For the fourth straight year, LendingTree examined the state of retail credit cards heading into the holiday shopping season. As in previous years, we surveyed Americans about these popular cards but also reviewed terms and conditions on nearly 100 cards from the nation’s biggest retailers to see what people can expect when they hit the stores and websites.

However, we’re also expanding our report this year to include a look at “buy now, pay later” (BNPL) loans. These installment loans are now commonly available alongside traditional store credit cards on retailers’ online checkout pages and consumers are embracing them in a big way, so we looked at more than 125 major retailers to see what, if any, “buy now, pay later” services they offered.

Key findings

  • Interest in applying for store cards drops to its lowest level since 2018. Just 29% of consumers say they’re likely to apply for a store credit card this holiday shopping season, compared to 44% in 2020, 32% in 2019 and 24% in 2018.
  • Debt falls, too: Just 1 in 3 with a store card said they currently have debt associated with that card. This is a big decrease from 49% in 2020.
  • 42% of consumers have closed a store credit card. An additional 13% have had a store card closed by the issuer. The main reasons for voluntary closures were no longer shopping at the store (46%) and high interest rates (35%).
  • Average store credit card interest rates remain high, though largely unchanged. The average APR on a new retail credit card offer was 24.27%, up only slightly from 2020’s 24.24%.
  • Consumers still prefer store cards over buy now, pay later, but it is close. 29% of consumers would be more likely to pay with a store card this holiday season, while 21% would turn to buy now, pay later financing.
  • More retailers offer store credit cards than buy now, pay later loans, though many offer both. 67 of the 126 retailers’ websites we reviewed offered a store credit card, while 56 offered a BNPL loan. However, 42 retailers made both options available.
  • Buy now, pay later options pop up in unexpected places. Paying in installments at department stores and big-box retailers, sure — but doing so at Dollar Tree or Panera Bread? Yep, it’s possible there, too.

Interest in applying for store credit cards plunges

From 2018 to 2020, we saw significant growth in people’s interest in retail cards. That interest peaked in 2020, as 44% of respondents said they were at least somewhat likely to apply for a store credit card during the holiday shopping season. That was up from 32% in 2019 and from 24% in 2018.

That trend seems to have shifted in a big way in 2021.

Just 29% of consumers say they’re likely to apply for a store credit card this holiday season — that’s a huge drop from last year’s peak and is the second-lowest total since 2018.

Not all consumers are shying away, though. More than 40% of parents with kids under 18 (44%) and millennials (43%) said they’re likely to apply, as did 33% of women. However, the data is clear that the past year has brought a major shift in consumers’ approach to these cards.

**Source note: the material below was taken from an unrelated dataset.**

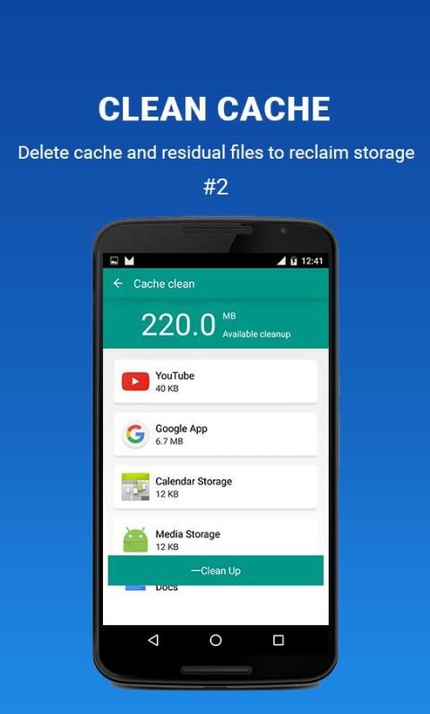 Delete cache and residual files to reclaim storage get more space to save your photos and messages.

Fewer people carrying debt on store cards

The pandemic saw millions of Americans paying down their credit card debt. Reduced spending during lockdowns teamed with government economic stimulus and other factors to leave many consumers flush with cash, which was often used to pay down high-interest debt such as credit cards.

Our data shows that just 33% of store cardholders had debt on those cards. That’s a significant drop from 49% in 2020.

That doesn’t mean that the cards aren’t being used, however.

Nearly 1 in 3 store cardholders had a balance of $500 or more, and of that group, 57% are still paying down that debt.

Card closures are common, but they aren’t always voluntary

Consumers have long had a love-hate relationship with store cards. Nearly 4 in 10 people (37%) with a store card today have regretted opening one in the past, and that regret can often lead to action.

More than 4 in 10 Americans (42%) have closed a store credit card in the past, and another 13% have had one closed involuntarily. (Millions of Americans had cards closed or credit limits slashed since the pandemic began, and it’s clear that store cards weren’t exempt from this purge.)

The most common reason given was that the cardholder doesn’t shop at the store anymore. The second-most common reason? Sky-high interest rates.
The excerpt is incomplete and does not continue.